I feel like I owe you an apology. I haven’t been completely honest with you, and my flowery, melancholy posts about how stuck I feel in my skin may have been alarming. I’m deciding to make some changes. This post is to help you understand why.
For as long as I can remember, I have had health problems. They were so integral to my identity, that for a long time, when I would meet someone, I would introduce myself by saying, “Hi my name is Carly and I have a disease.” Which I do.

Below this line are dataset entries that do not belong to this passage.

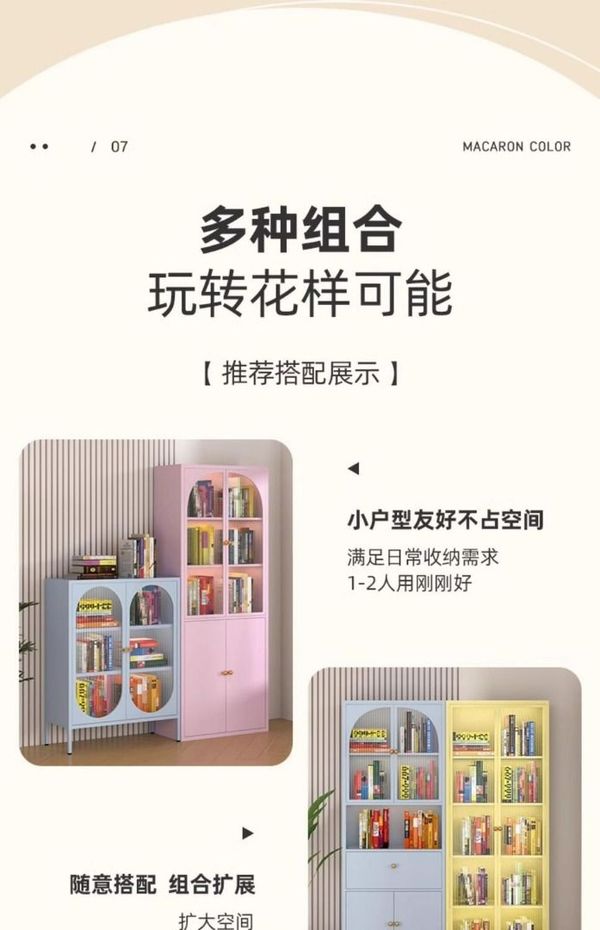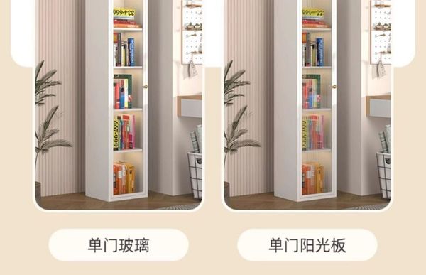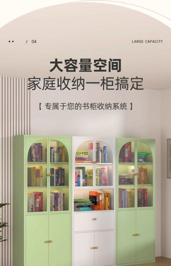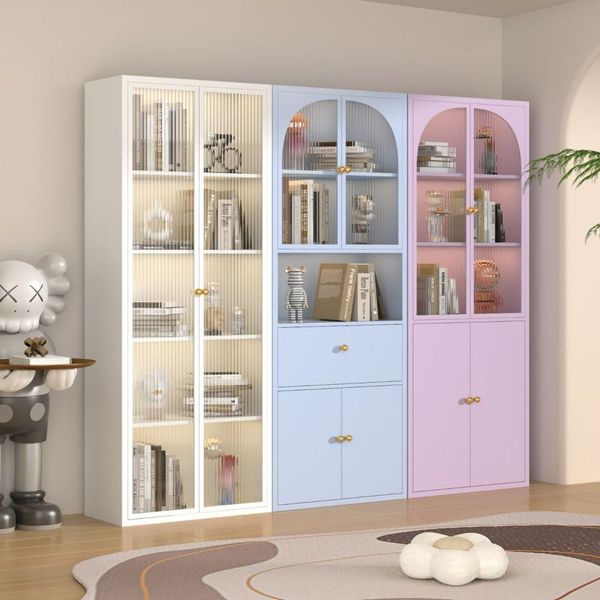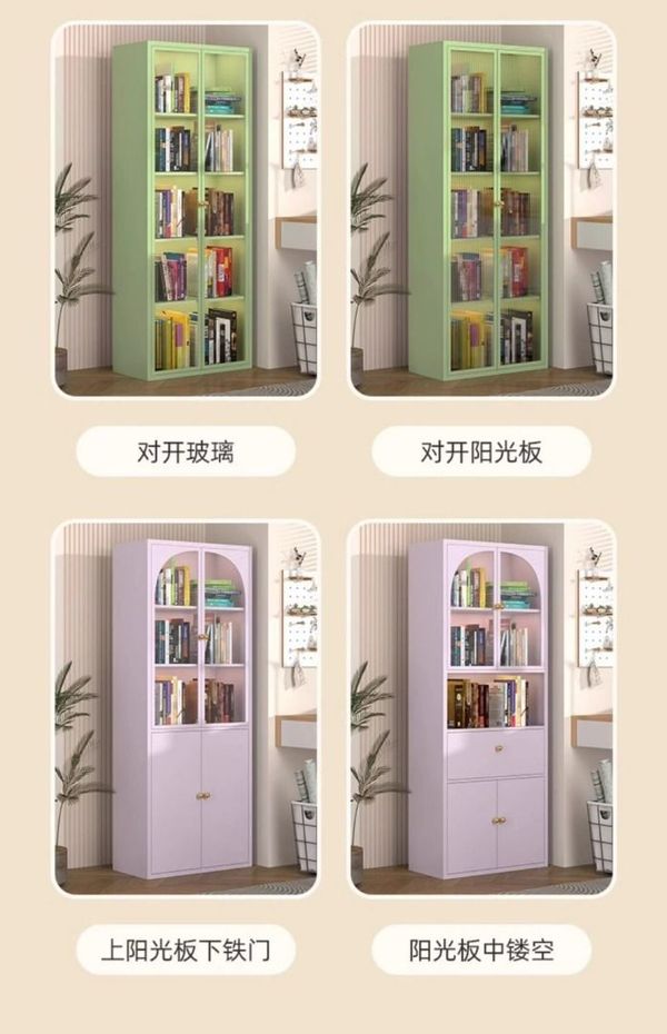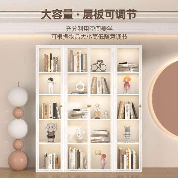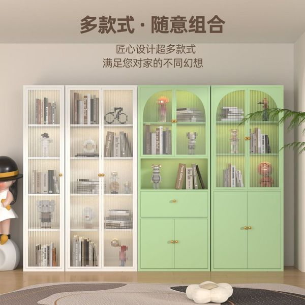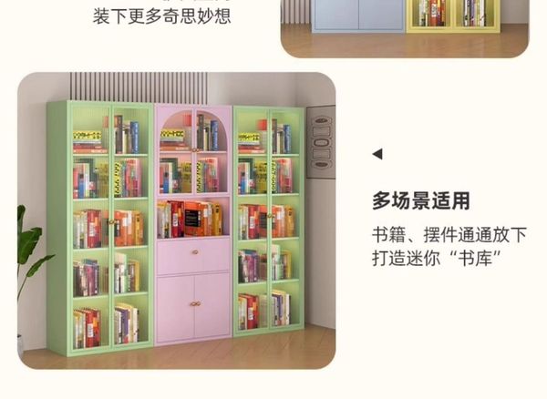 _鋼制書櫃防塵玻璃門書架鐵藝兒童儲物櫃客廳家用小矮櫃收納展示櫃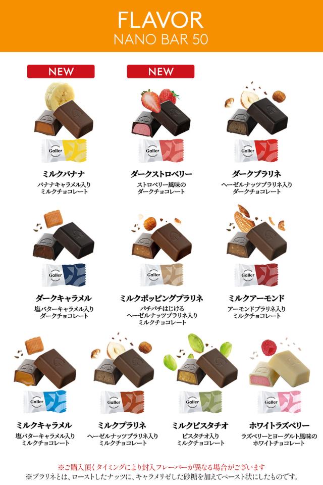 ナノバーホワイトラズベリー※新商品 ナノバーミルクバナナ※新商品 ナノバーミルクキャラメル ナノバーミルクプラリネ ナノバーミルクピスタチオ ナノバーミルクポッピングプラリネ ナノバーミルクアーモンド ナノバーダークプラリネ ナノバーダークキャラメル ナノバーダークストロベリー※新商品 各5個 |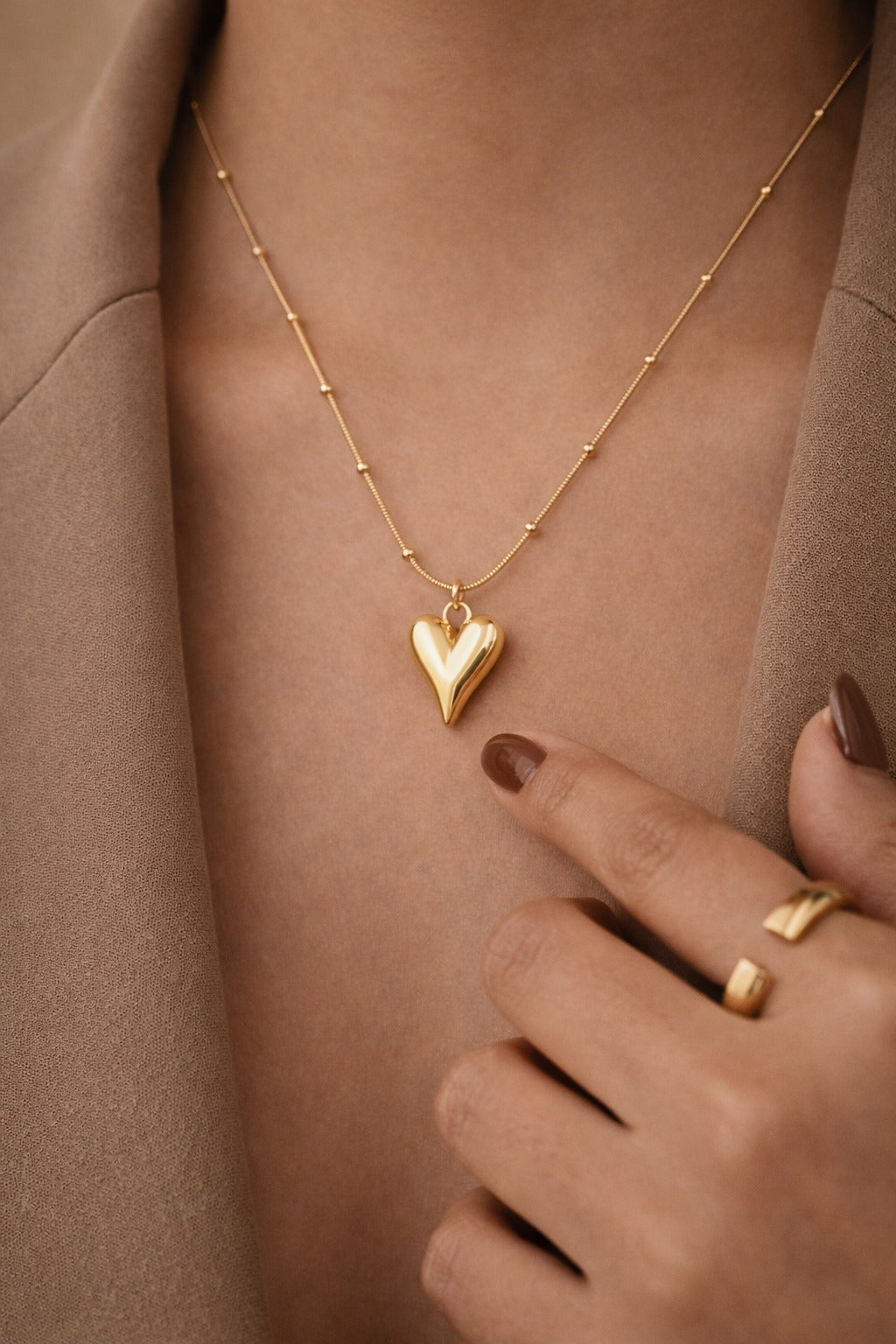 Anti-Tarnish, Stainless Steel, Dainty Everyday Valentine’s Romantic Heart Shaped Necklace for Women & Girls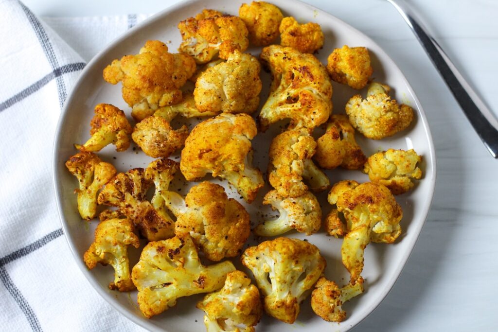 Cauliflower contains antioxidants like vitamin C and sulforaphane, which protect cells from damage. The turmeric and olive oil combination enhances absorption of curcumin, amplifying its anti-inflammatory power.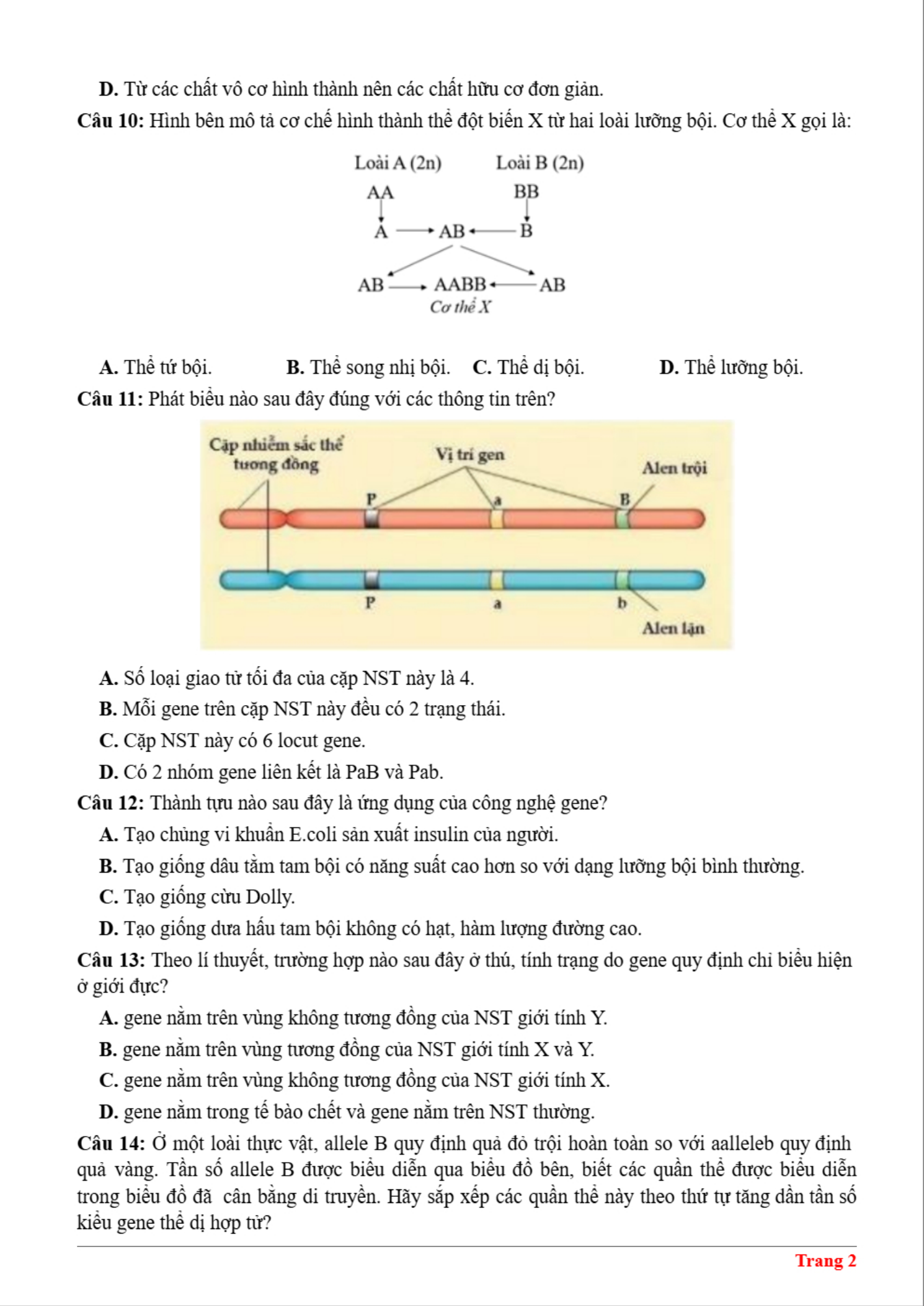 Đề thi thử tốt nghiệp môn Sinh trường Nguyễn Huệ

I don’t remember a time before I got sick. I remember the onset of symptoms, of the confusion and disbelief that comes from watching and experiencing your body not behave the way that it was trained to. The way that it’s supposed to. I remember the doctors, and I remember crying in the car on the way home from the diagnosis (Ulcerative Colitis). I was five years old, and I needed to start taking medicine every day, medicine I’d be on for the rest of my life.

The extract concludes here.